Food Poisoning Is All Around You!

Food PoisoningJrI wrote a post about food poisoning personal injury cases not too long ago. That was before Americans everywhere started dropping like flies from a whole variety of very recent food poisoning cases and subsequent food recalls when the problem is revealed.

Wow. A simple internet search shows that there have been very recent recalls for ground beef, potato salad, bags of broccoli salad, iceberg lettuce, barbeque beans, ham, chicken, cilantro and even dog “jerky” treats. Now they’re even poisoning our pets.

What’s going on? This recent rash of rash of food poisoning cases could be just a figment of collective media hysteria or it could be a culmination of food-related coincidences.

Another thought: Personal injury lawyers and consumer experts know that there is unprecedented pressure on food producers to keep prices low for discount box stores and sometimes quality suffers especially if they end up purchasing food across our national border to the south where food inspections and quality control are a rare event.

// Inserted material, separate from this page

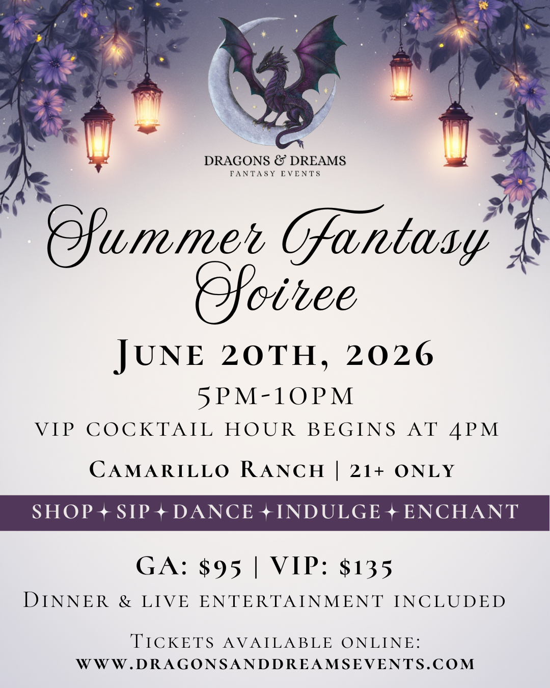 Experience an enchanting night under the stars at the Summer Fantasy Soirée, an adults-only immersive event at Camarillo Ranch. This elevated evening blends dark romantic fantasy with live entertainment, dancing, a magical vendor marketplace, and interactive experiences throughout the venue.
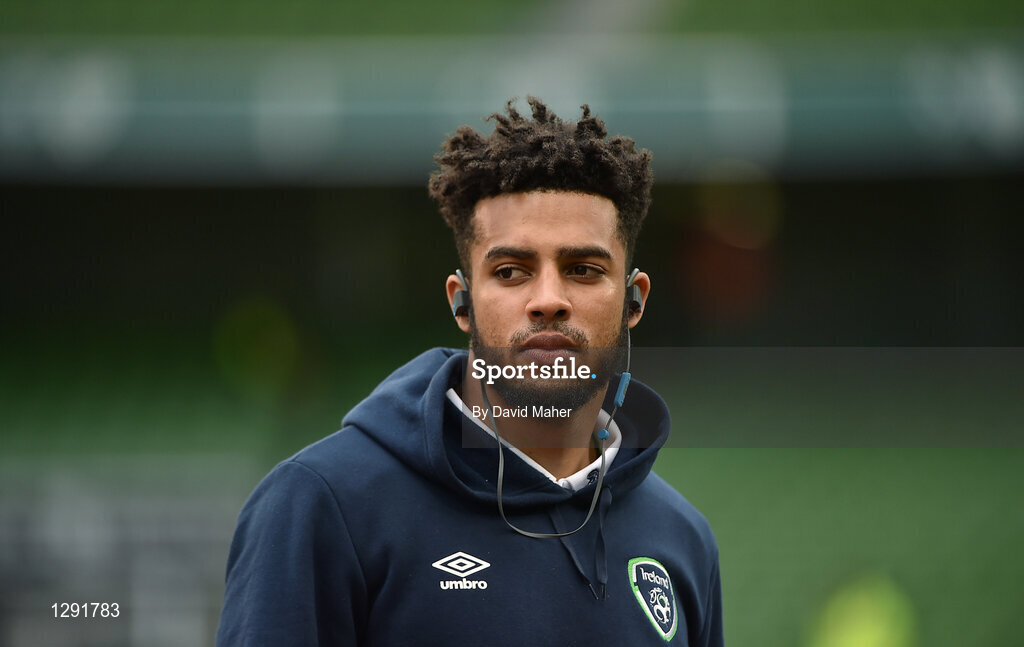 28 March 2017; Cyrus Christie of Republic of Ireland before the warm-up prior to the International Friendly match between the Republic of Ireland and Iceland at the Aviva Stadium in Dublin. Photo by David Maher/Sportsfile

As an injury attorney, the tricky thing about food poisoning is proving you had food poisoning. When what you ate was so toxic that your body wants to expel it as far as possible in every direction, there is a legal causation problem with “evidence preservation”.

If you feel yourself getting sick after eating something – especially if it tasted “suspicious” while eating that vile concoction – make sure that if that food comes back up for a visit, it is saved. The easiest way to diagnose food poisoning is with a sample of uneaten food or food partially digested.

Typically, people with food poisoning are so sick all the evidence is flushed away and when the patient is now an empty vessel, ready to see a physician, all that can be determined is the patient is dehydrated. There’s no evidence in residence left.

Because true food poisoning cases can be public health issues, your County wants to be involved to prevent other people from being poisoned from other restaurants or supermarkets. Go to the ER with your sample (and someone to keep you vertical) and insist the County Epidemiologist inspect the sample. If it tests positive, word will get out to protect the public from what you just experienced.

You’ll be doing the public a service.